To be a chaplain means to encounter people in their suffering, and to be willing to know them in all the ways that life has cracked them open. But in order to do that, I have to open myself to the ways my life has cracked me open. How I grew up with a pastor who told me that if I just had enough faith, I wouldn’t have asthma attacks. Who preached that gay people are going to hell, and so I always thought of myself as a condemned outsider.

I know that these cracks cause me to lash out in fear sometimes. To see others as threats. To retreat to the comfort of my tribe and never leave. I also know that the ways I have been broken have helped me connect to others who also think of themselves as condemned outsiders.
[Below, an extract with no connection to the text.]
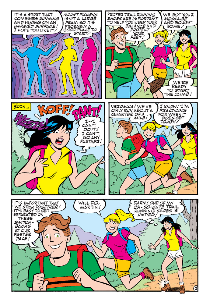 NEW CLASSIC-STYLE STORY: “Peak Shape!” Betty and Veronica decide to take up trail running—but will the mountainside provide to be too much wilderness for Veronica to handle?

And together we have experienced healing.

I don’t know how life has cracked you open. I don’t know the loss you’ve experienced. I don’t know who has caused you harm or how. I don’t know your addictions, your fears. And I don’t know how you try to cover up those cracks. Maybe you avoid conflict. Or maybe you create it. Maybe you hide the cracks by always putting on a smile. Maybe you give, give, give until you have nothing left for yourself.

What I do know is that we all have brokenness of some sort, and it gives us a shared language through which we might connect, a way to be with one another through all of our differences.

An awesome man named Leonard once sung, there is a crack in everything, that’s how the light gets in. In this Advent season, we wait for Jesus to break in through the cracks of this
world, and the cracks in us, to bring light.